**Work task**.
Exact transcription, pictures omitted: reproduce the listing below.

**Listed entries**.

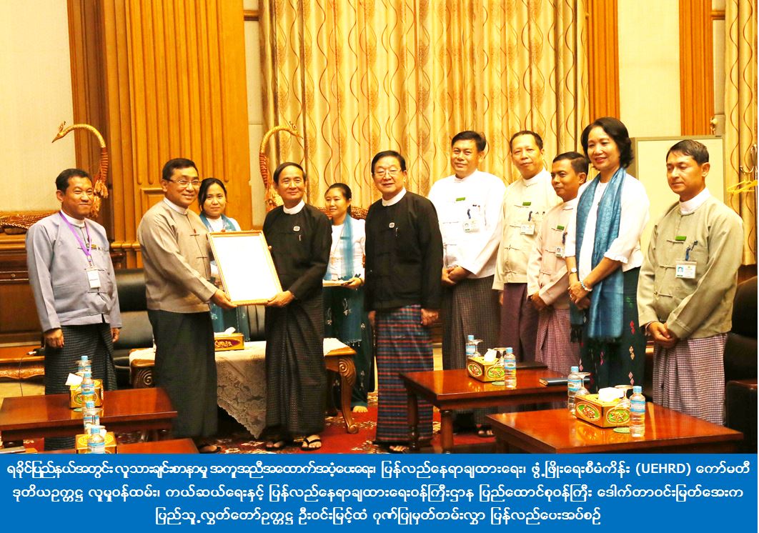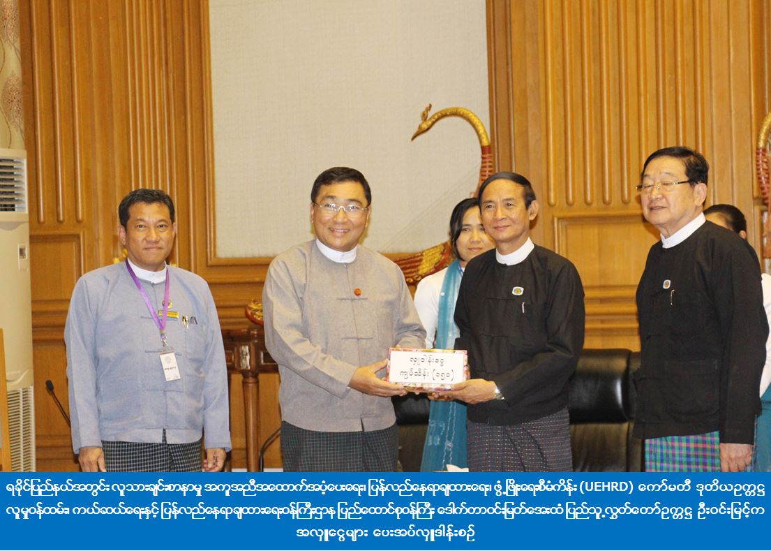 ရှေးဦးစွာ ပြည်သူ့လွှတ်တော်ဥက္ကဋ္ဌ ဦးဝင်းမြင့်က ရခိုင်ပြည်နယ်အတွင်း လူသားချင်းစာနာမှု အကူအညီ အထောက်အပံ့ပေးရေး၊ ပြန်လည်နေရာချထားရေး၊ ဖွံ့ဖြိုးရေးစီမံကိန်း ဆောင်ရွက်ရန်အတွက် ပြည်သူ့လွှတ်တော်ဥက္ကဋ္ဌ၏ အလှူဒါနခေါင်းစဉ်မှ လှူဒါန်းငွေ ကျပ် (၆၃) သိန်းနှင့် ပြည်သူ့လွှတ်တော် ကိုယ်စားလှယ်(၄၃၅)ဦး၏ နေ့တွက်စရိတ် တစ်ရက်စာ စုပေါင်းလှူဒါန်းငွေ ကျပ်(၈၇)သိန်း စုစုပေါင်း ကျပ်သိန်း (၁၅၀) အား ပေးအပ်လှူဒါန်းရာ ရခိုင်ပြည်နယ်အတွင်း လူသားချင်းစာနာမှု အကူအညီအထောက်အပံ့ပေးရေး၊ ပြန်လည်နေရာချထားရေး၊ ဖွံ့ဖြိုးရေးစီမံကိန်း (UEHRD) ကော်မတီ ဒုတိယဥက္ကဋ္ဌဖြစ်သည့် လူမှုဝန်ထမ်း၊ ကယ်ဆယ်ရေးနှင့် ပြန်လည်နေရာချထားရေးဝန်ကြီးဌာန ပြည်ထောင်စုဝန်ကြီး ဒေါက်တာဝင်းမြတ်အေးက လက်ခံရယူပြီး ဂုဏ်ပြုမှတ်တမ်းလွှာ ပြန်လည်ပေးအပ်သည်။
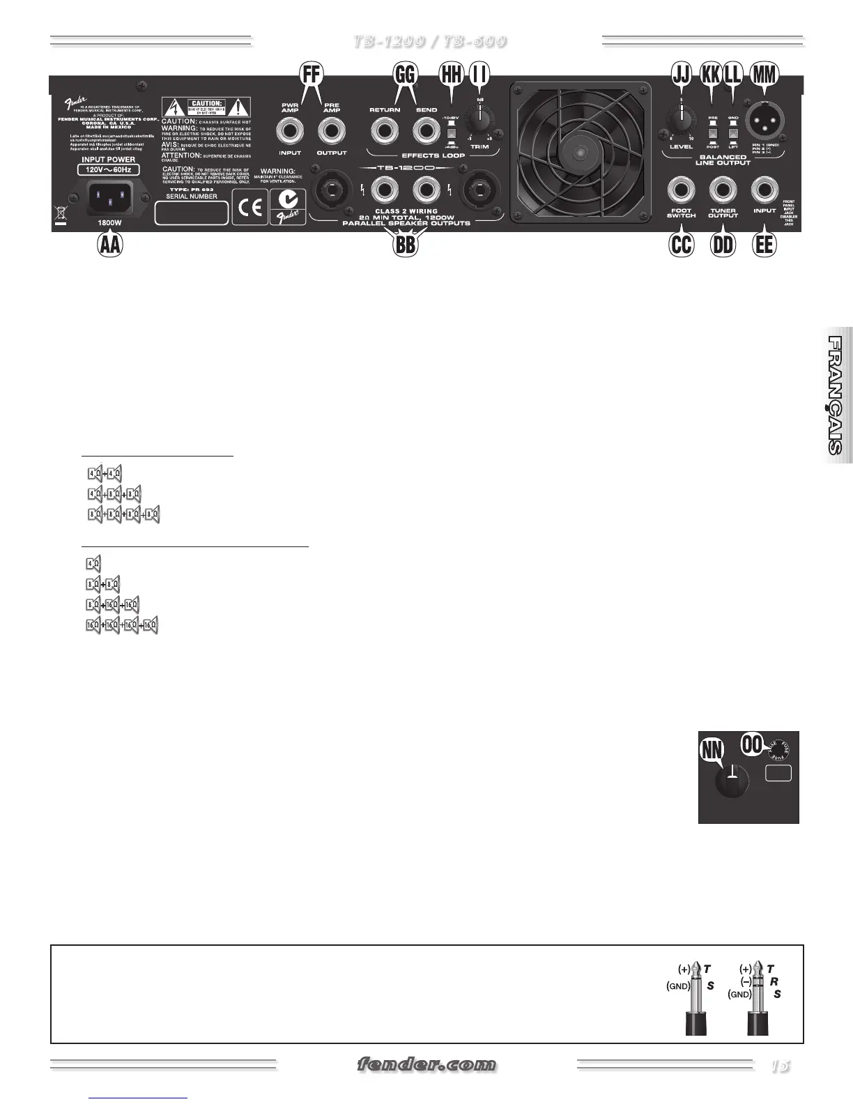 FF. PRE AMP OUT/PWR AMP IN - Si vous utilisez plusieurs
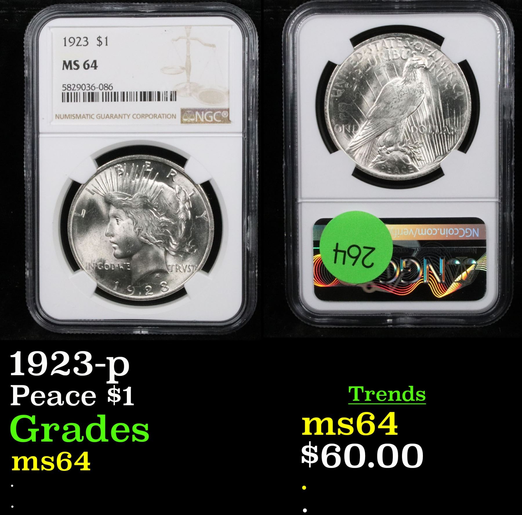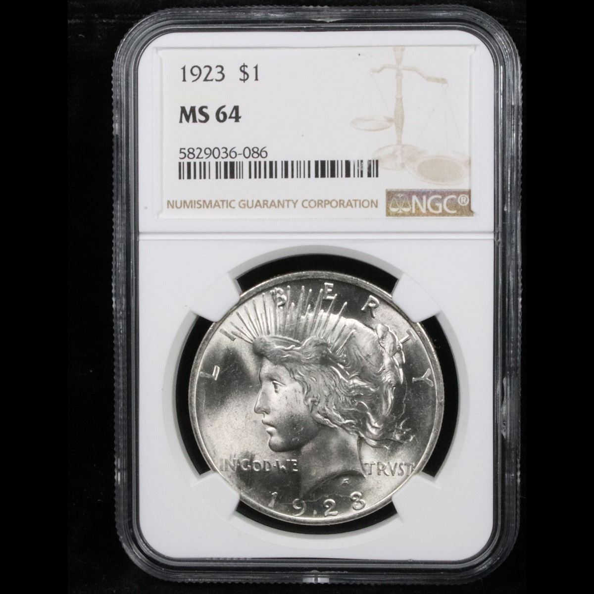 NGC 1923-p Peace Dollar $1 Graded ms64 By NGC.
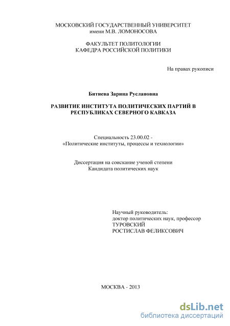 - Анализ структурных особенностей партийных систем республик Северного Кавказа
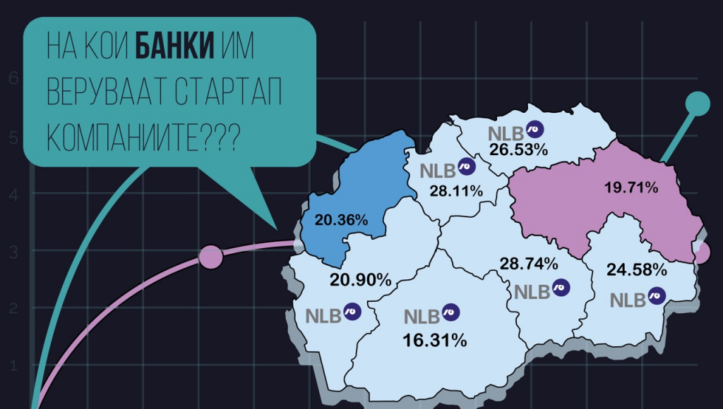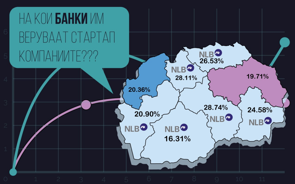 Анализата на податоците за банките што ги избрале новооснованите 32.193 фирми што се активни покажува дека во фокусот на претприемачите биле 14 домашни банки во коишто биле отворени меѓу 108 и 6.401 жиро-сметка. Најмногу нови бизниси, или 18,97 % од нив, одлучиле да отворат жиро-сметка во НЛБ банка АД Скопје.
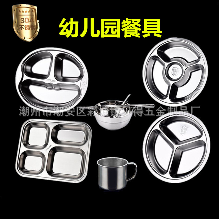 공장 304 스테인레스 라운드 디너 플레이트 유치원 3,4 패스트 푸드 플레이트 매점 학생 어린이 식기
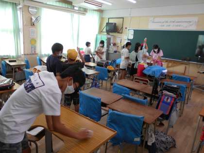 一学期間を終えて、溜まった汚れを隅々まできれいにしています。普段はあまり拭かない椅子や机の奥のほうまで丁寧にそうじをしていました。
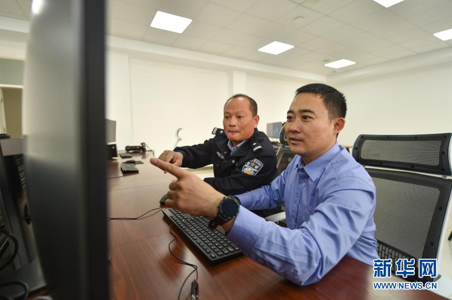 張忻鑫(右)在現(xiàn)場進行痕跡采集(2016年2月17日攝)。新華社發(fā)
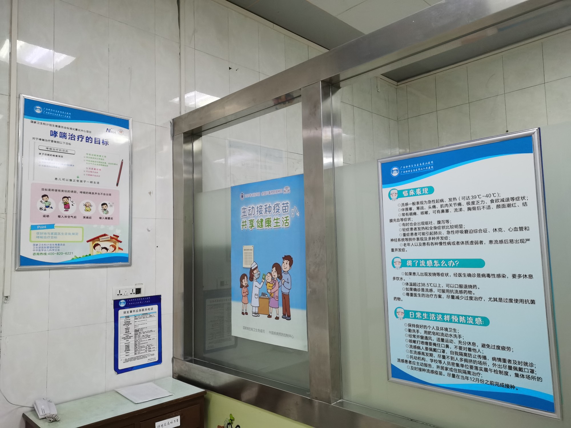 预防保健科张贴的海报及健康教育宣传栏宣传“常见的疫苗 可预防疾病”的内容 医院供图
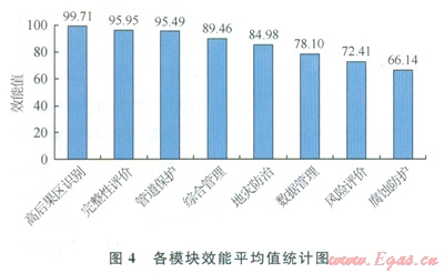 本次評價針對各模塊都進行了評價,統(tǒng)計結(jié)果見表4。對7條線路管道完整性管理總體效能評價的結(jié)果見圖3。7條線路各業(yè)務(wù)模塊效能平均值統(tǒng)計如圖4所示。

**Written solution**.
 ရှေးဦးစွာ ပြည်သူ့လွှတ်တော်ဥက္ကဋ္ဌ ဦးဝင်းမြင့်က ရခိုင်ပြည်နယ်အတွင်း လူသားချင်းစာနာမှု အကူအညီ အထောက်အပံ့ပေးရေး၊ ပြန်လည်နေရာချထားရေး၊ ဖွံ့ဖြိုးရေးစီမံကိန်း ဆောင်ရွက်ရန်အတွက် ပြည်သူ့လွှတ်တော်ဥက္ကဋ္ဌ၏ အလှူဒါနခေါင်းစဉ်မှ လှူဒါန်းငွေ ကျပ် (၆၃) သိန်းနှင့် ပြည်သူ့လွှတ်တော် ကိုယ်စားလှယ်(၄၃၅)ဦး၏ နေ့တွက်စရိတ် တစ်ရက်စာ စုပေါင်းလှူဒါန်းငွေ ကျပ်(၈၇)သိန်း စုစုပေါင်း ကျပ်သိန်း (၁၅၀) အား ပေးအပ်လှူဒါန်းရာ ရခိုင်ပြည်နယ်အတွင်း လူသားချင်းစာနာမှု အကူအညီအထောက်အပံ့ပေးရေး၊ ပြန်လည်နေရာချထားရေး၊ ဖွံ့ဖြိုးရေးစီမံကိန်း (UEHRD) ကော်မတီ ဒုတိယဥက္ကဋ္ဌဖြစ်သည့် လူမှုဝန်ထမ်း၊ ကယ်ဆယ်ရေးနှင့် ပြန်လည်နေရာချထားရေးဝန်ကြီးဌာန ပြည်ထောင်စုဝန်ကြီး ဒေါက်တာဝင်းမြတ်အေးက လက်ခံရယူပြီး ဂုဏ်ပြုမှတ်တမ်းလွှာ ပြန်လည်ပေးအပ်သည်။
 FF. PRE AMP OUT/PWR AMP IN - Si vous utilisez plusieurs
 NGC 1923-p Peace Dollar $1 Graded ms64 By NGC.
 - Анализ структурных особенностей партийных систем республик Северного Кавказа
 Анализата на податоците за банките што ги избрале новооснованите 32.193 фирми што се активни покажува дека во фокусот на претприемачите биле 14 домашни банки во коишто биле отворени меѓу 108 и 6.401 жиро-сметка. Најмногу нови бизниси, или 18,97 % од нив, одлучиле да отворат жиро-сметка во НЛБ банка АД Скопје.
 공장 304 스테인레스 라운드 디너 플레이트 유치원 3,4 패스트 푸드 플레이트 매점 학생 어린이 식기
 一学期間を終えて、溜まった汚れを隅々まできれいにしています。普段はあまり拭かない椅子や机の奥のほうまで丁寧にそうじをしていました。
 張忻鑫(右)在現(xiàn)場進行痕跡采集(2016年2月17日攝)。新華社發(fā)
 预防保健科张贴的海报及健康教育宣传栏宣传“常见的疫苗 可预防疾病”的内容 医院供图
 本次評價針對各模塊都進行了評價,統(tǒng)計結(jié)果見表4。對7條線路管道完整性管理總體效能評價的結(jié)果見圖3。7條線路各業(yè)務(wù)模塊效能平均值統(tǒng)計如圖4所示。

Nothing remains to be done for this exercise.